═══ Data in this exercise ═══
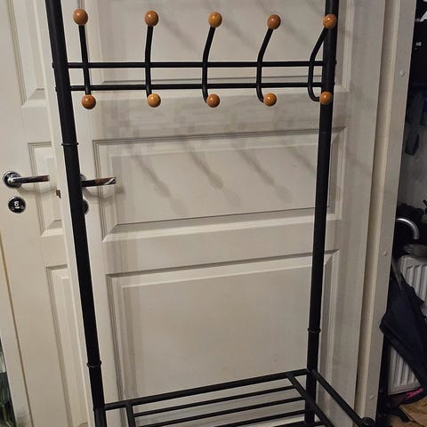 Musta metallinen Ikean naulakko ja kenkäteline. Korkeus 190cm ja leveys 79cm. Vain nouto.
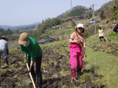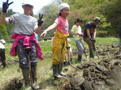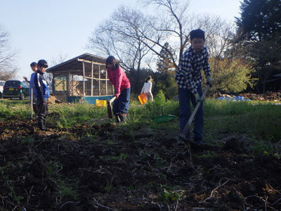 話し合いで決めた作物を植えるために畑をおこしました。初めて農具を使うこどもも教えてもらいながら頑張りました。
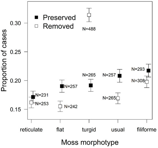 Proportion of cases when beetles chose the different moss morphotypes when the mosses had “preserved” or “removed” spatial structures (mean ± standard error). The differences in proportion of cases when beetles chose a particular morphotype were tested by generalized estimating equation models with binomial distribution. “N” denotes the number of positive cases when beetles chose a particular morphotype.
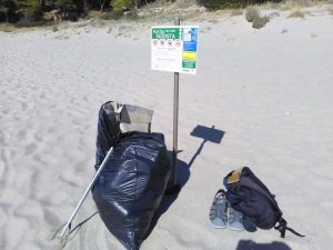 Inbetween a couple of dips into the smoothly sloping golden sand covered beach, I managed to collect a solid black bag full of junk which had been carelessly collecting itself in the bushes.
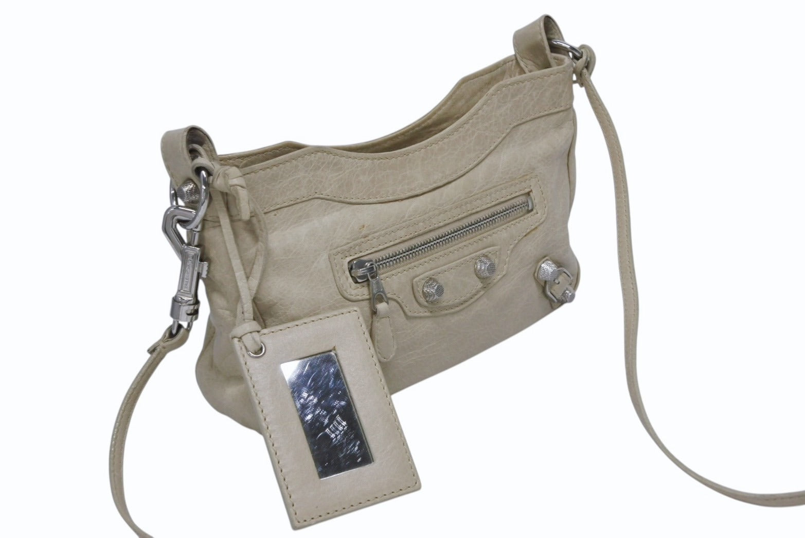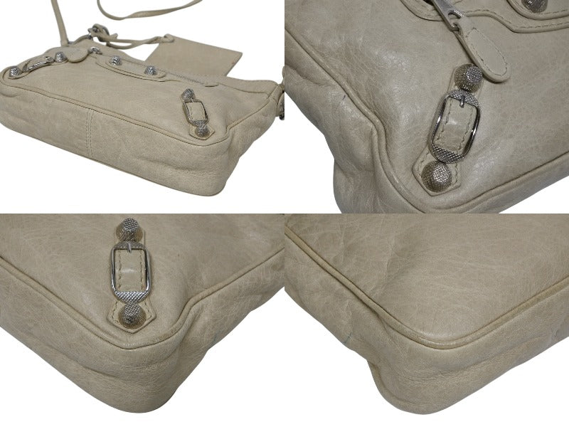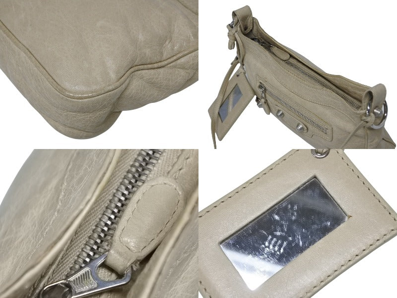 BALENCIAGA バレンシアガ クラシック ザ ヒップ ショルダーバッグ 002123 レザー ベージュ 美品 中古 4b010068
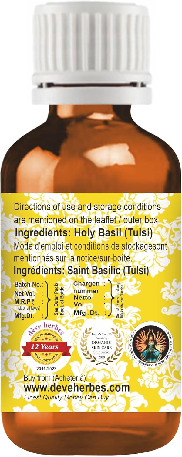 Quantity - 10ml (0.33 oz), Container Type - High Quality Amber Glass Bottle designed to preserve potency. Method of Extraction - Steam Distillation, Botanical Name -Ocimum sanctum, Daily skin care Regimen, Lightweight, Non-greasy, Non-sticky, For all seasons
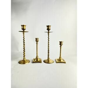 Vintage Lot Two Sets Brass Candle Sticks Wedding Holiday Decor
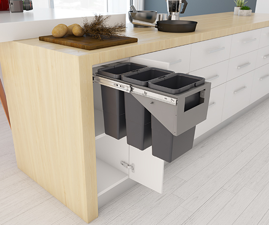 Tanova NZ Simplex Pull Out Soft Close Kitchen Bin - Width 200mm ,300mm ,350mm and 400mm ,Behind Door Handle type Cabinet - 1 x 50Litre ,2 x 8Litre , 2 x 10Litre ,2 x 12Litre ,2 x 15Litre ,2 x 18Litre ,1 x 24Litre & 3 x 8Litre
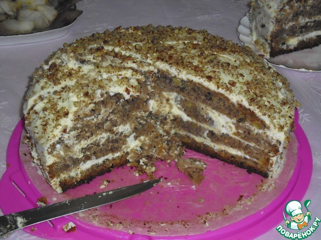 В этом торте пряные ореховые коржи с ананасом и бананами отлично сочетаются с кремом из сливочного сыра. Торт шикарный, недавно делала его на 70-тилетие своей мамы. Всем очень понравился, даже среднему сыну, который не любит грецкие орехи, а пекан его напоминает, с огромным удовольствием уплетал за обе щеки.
═══
## Work order
Everything from the first line of the entries through the line that contains "Proportion of cases when beetles chose the" is to be reproduced exactly, except the pictures.

## Task answer
 Musta metallinen Ikean naulakko ja kenkäteline. Korkeus 190cm ja leveys 79cm. Vain nouto.
 話し合いで決めた作物を植えるために畑をおこしました。初めて農具を使うこどもも教えてもらいながら頑張りました。
 Proportion of cases when beetles chose the different moss morphotypes when the mosses had “preserved” or “removed” spatial structures (mean ± standard error). The differences in proportion of cases when beetles chose a particular morphotype were tested by generalized estimating equation models with binomial distribution. “N” denotes the number of positive cases when beetles chose a particular morphotype.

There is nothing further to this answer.